# Manduca carrier problems :(



## xsadiex

After hearing amazing reviews of this carrier I decided to buy one, I really like it.

I do find it seems to put a lot of pressure on my shoulders, i think i'm doing something wrong? Does anyone have any advice?


----------



## Rachel_C

Are you doing it up tight enough? I don't have a Manduca but I have another SSC and a mei tai and both hurt my shoulders if I don't have them tight enough.


----------



## NDH

Crossing the straps relisves pressure on your shoulders too. And i.also echo the above. I love my manduca.


----------



## sun

Agree with above! I really like my manduca but with SSCs it is important to spend time adjusting it so it fits well. If it's too loose then LO will kind of hang backward off the shoulders instead of being supported the whole length of your back/waist. x


----------



## patch2006uk

Make sure the waist belt is really tight, and spend time getting all the adjustments right. There are a few different ways to adjust the straps -I find the ones at the top of the back panel and the ones at LO's waist make the most difference to the fit of the sling. 

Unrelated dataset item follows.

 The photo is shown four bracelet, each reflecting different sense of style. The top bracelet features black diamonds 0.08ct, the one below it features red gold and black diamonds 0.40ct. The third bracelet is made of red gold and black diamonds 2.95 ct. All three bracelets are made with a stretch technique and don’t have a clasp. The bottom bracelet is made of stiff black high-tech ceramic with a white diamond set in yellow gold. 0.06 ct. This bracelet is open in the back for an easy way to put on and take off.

Also, cross the straps for front carries (if that's what you're doing). Makes a world of difference :)


----------



## xsadiex

I didn't realise you could cross the straps, I will have to give that a go. Thanks guys!

Me and OH both use it so need to spend time adjusting the straps. I'm going to have a good read through the instructions now...

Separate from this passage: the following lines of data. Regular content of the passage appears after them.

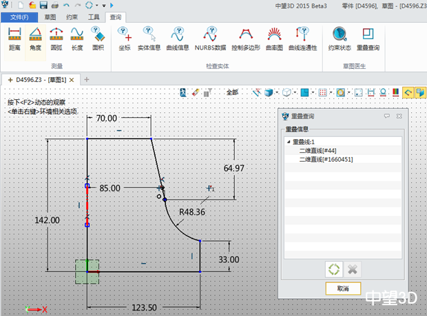 第三步:使用【重疊檢查】功能檢查線條。點擊【重疊檢查】,紅色顯示重疊部分,一般來說重疊對象是很難被發現,但軟件增加了清晰的列表及標注后,用戶就能靈活地決定是否刪除相關重疊部分,如圖3所示。
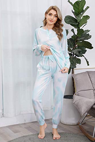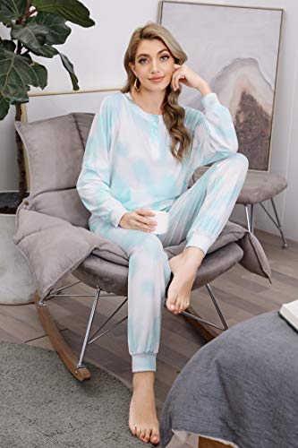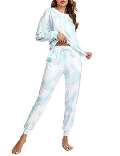 Doaraha Conjunto Pijama para Mujer Camiseta y Pantalones Tie-Dye Estampado Ropa de Dormir con Bolsillos y Puños Elásticos 2 Piezas (B# Azul, S)
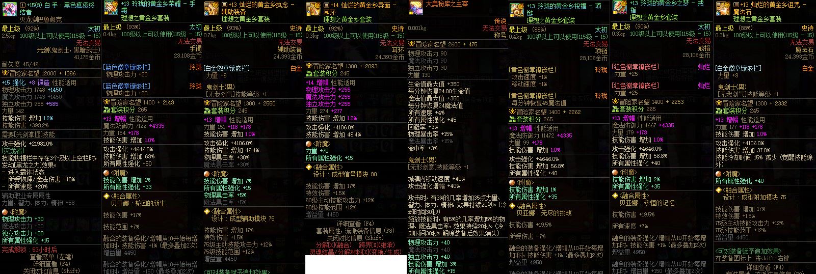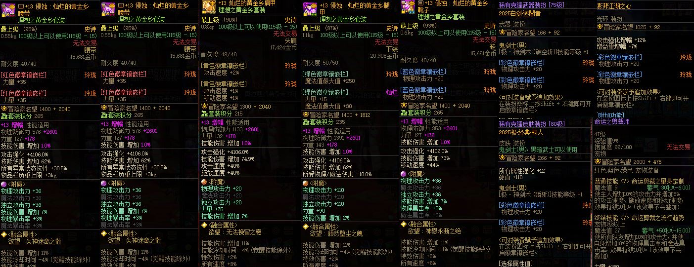 4945湖南5【有爱可谈】【最新10套26年春节,小世界光环,15武器红14耳环完美13剑魂➕红13魔神➕红13.12鬼泣➕红12.11旅人➕13武器半身12男气功】
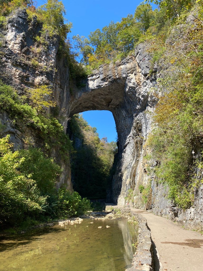 - We left home to drove to Shenandoah. On our way, we stopped at Natural Bridge State Park in Virginia. Admission was $30 for our family. We did the hike that goes under the Natural Bridge to a waterfall (easy, family friendly hike). We looked around in the visitor center, and then we ate a picnic lunch in the parking lot with the food we packed in our cooler. All together, our visit here was from about 11:30am-2:00pm.
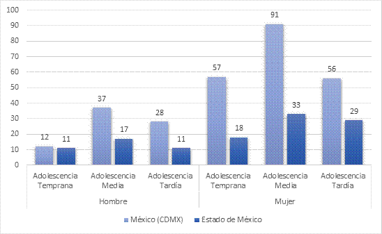 La muestra estuvo conformada por 400 adolescentes de 13 a 20 años. En la figura 1 se presenta la distribución de los participantes en función del estado de residencia, el sexo y el grupo de edad o etapa de la adolescencia, y se puede observar que hubo una mayor proporción de mujeres de la Ciudad de México.
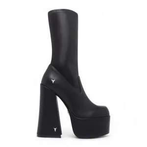 Windsorsmith Dames Zwarte Mid-Calf Sock Platform Goth Hak Laarzen – Saviour

I never know how lose/tight each strap should be which confuses me quite a lot, everything is so complicated at the moment - maybe it's baby brain.


----------



## patch2006uk

OH and I both use our Manduca too. We've found that once the sling is fitted to one of us snugly, it's only actually the length of the straps that needs changing, not the detailed adjustments. It's as if you fit the back panel to your baby, so that's the same for you both and you just need to make it bigger or smaller :)


----------



## xsadiex

I tried it today much tighter and with the straps crossed it was so much better, i love it now :)

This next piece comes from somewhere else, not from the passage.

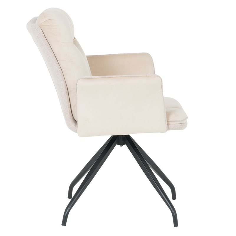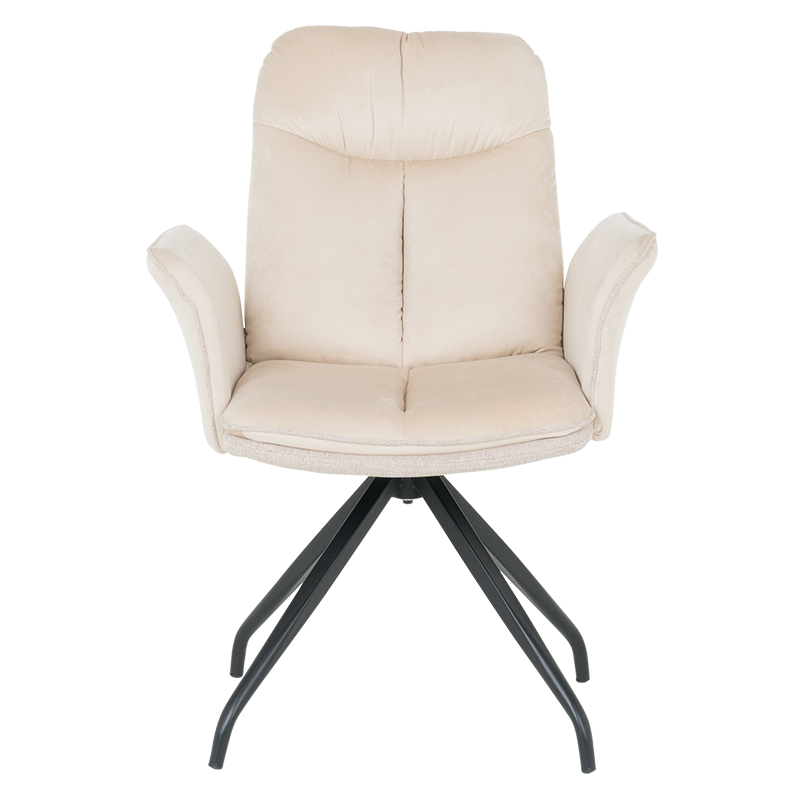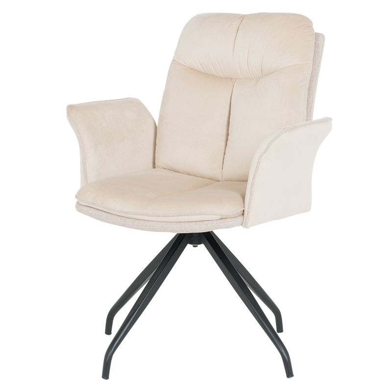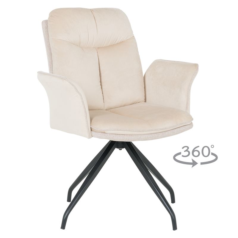 MARLOW 1 е трапезен стол с модерна визия. Той разполага с широки седалка и облегалка, тапицирани в мека дамаска, допълнени с възглавници за максимален комфорт. Подлакътниците повишават удобството на седящия. Основата е изработена от метал в елегантен кремав цвят и предлага иновативна функция за 360° въртене. Пълна информация за размерите и характеристиките на модела ще намерите в таблицата в таб/поле "Техническа информация".

thanks very much for your help xxx


----------



## NaturalMomma

So glad it works!


----------



## bluesky

Sorry to but in, just got a manduca and baby weighs 11lb7, do I need to make sure legs are still tucked in?


----------



## NDH

Bluesky, my understanding is it's less about how much they weigh and more about how old/big they are. My DD was about 6 weeks old and 11lbs when I got the Manduca and I tried her froggied a few times (but she was far too big for the newborn insert) but she would keep standing up so she's sat with her legs out and has been quite comfortable.


----------



## bluesky

Thanks, I think he is a little bit big for the insert. Will have a try with legs out.


----------



## sun

Mine hated legs in or out for the first 2 months. I used the stretchy wrap exclusively and tried her with the manduca every now and then. When she was fine in it (2 months) we had legs out. I carry her on my back xx


----------